Roderic O'Gorman (born 12 December 1981) is an Irish Green Party politician who has served as Minister for Children, Equality, Disability, Integration and Youth since June 2020. He has been a Teachta Dála (TD) for the Dublin West constituency since 2020. He previously served as Chairman of the Green Party from 2011 to 2019.

Early and personal life
O'Gorman is originally from Mulhuddart, a small outer suburb. He now lives in Blanchardstown. He completed an undergraduate law degree at Trinity College Dublin, followed by a Master of Laws in European Union (EU) law in the London School of Economics.
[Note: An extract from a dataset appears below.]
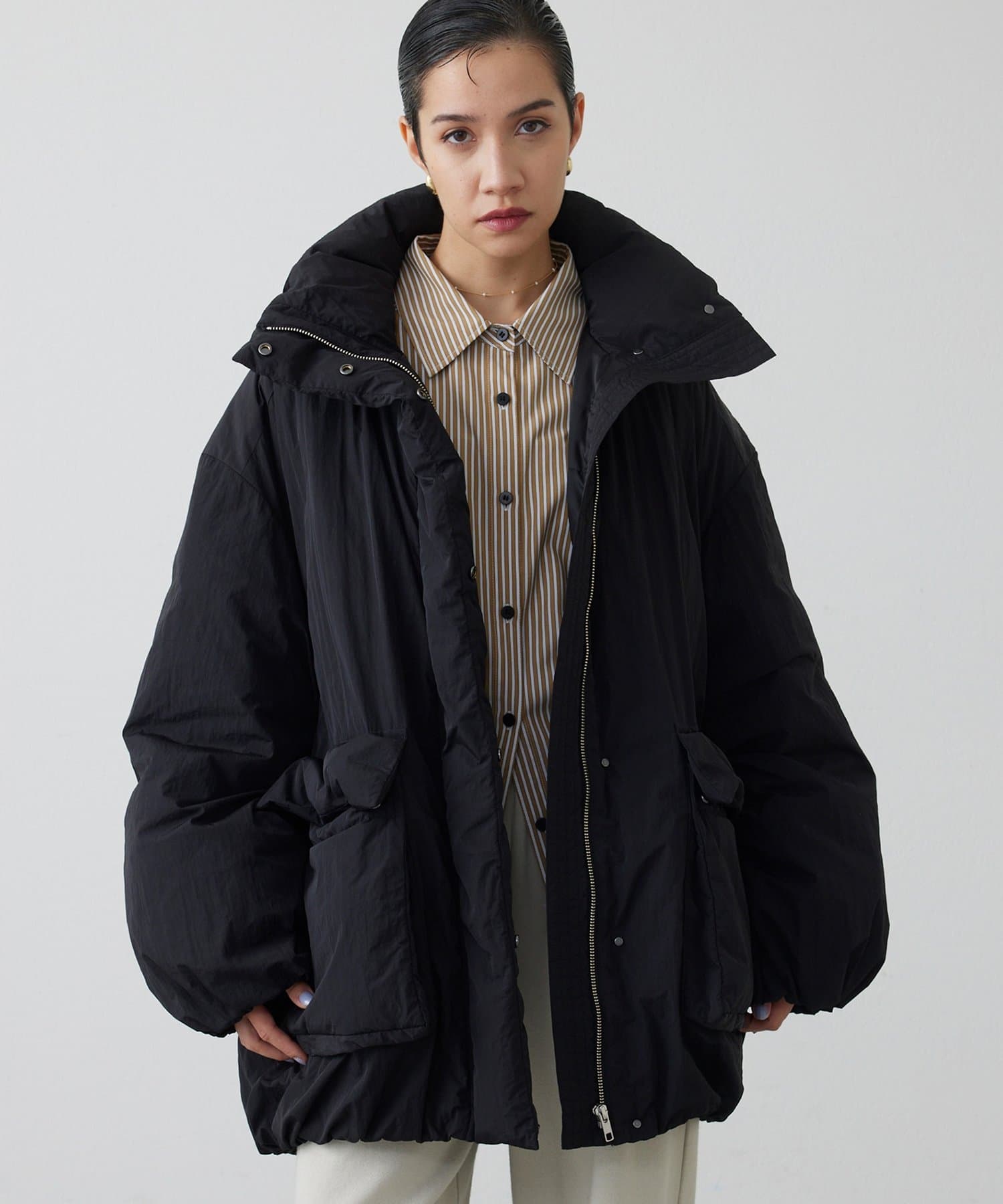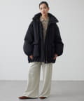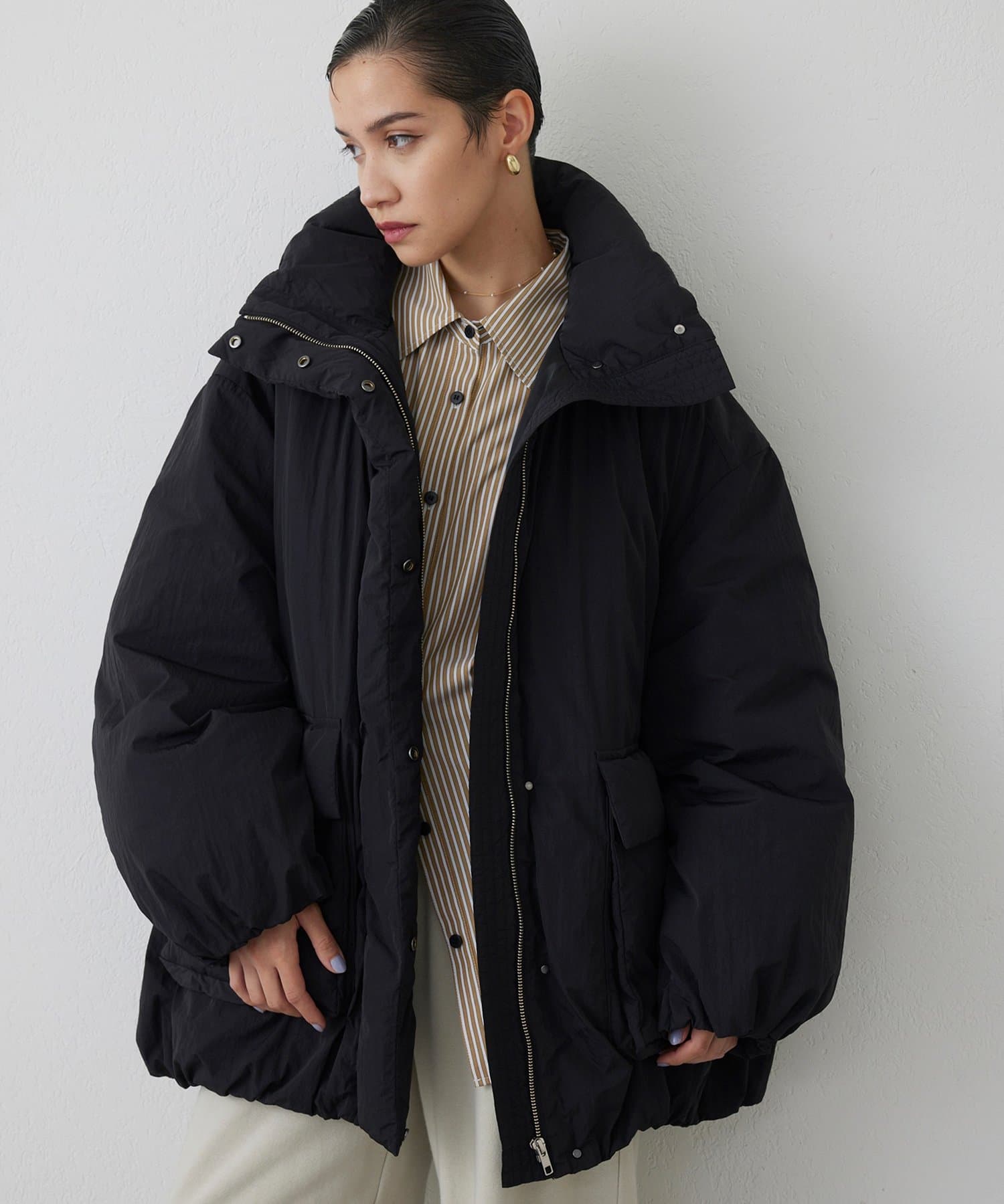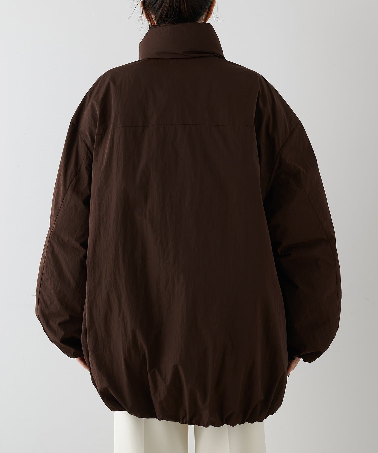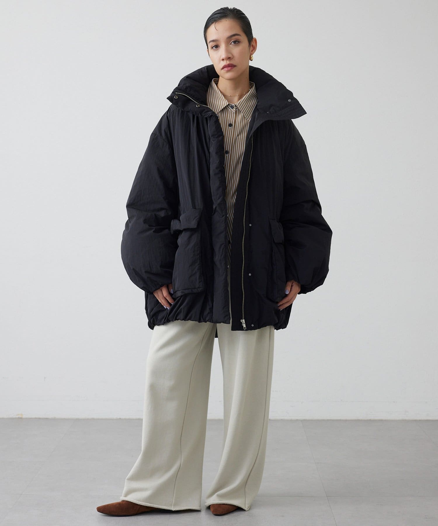 ■肩がすとんと落ちたドロップショルダーやすっきりとしたスタンドカラーで、立体的ながら着膨れしにくいバランスに。
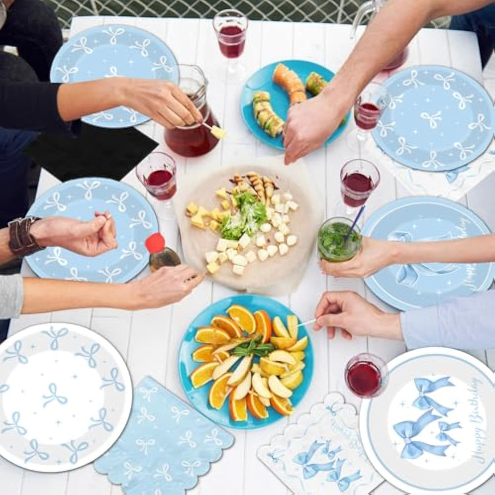 | Coquette Birthday Decorations - Decorate Your Party With This Exquisite Bow Tableware! The Package Includes 26Pcs Dinner Plates -9Inch, 26Pcs Dessert Plates -7Inch, 25Pcs Napkins -6.5X6.5Inch, 25 Pairs Of Knives And Forks, 25Pcs Cups (90Oz), And Bow Birthday Decorations To Make Your Party More Unforgettable And Enjoyable! | | High Quality - Our Bow Party Tableware Is Made Of High-Quality Materials, With Exquisite Pattern Printing, Rich Colors, And Is Not Easy To Fade Or Damage. The Napkins Are Soft, Comfortable, And Have Strong Water Absorption, Which Can Bring You A Themed Atmosphere Party! | | Blue Bow Theme Design - Our Blue Bow Party Bag Features Eye-Catching Bow Elements, Bright Colors, Exquisite Cuteness, And A Sweet Bow Design That Can Add A Touch Of Romance And Elegance To Your Party. | | Save Time And Enjoy The Party - After The Party, Simply Throw Them Away, Which Will Make The Cleaning After The Party Quick And Easy, And You Can Spend More Time Enjoying The Fun Of The Party With Your Family And Friends. | | Occasions - Our Bow Themed Tableware Is Suitable For Bow Birthday Decorations, Bride Engagements, Baby Showers, Garden Themed Parties, Picnics, And More, Adding A Dreamy Fairy Tale Atmosphere To Your Party. | |

In 2011 he completed his PhD, with a dissertation entitled 'Union citizenship, social rights and the Marshallian approach', at Trinity College Dublin.

O'Gorman started an academic career at Griffith College, where he lectured and was a course director for five years. He next worked as a law lecturer in the School of Law and Government at Dublin City University. He served as the programme chair of the Bachelor of Arts in Economics, Politics and Law. He has taken leave in order to serve as a TD.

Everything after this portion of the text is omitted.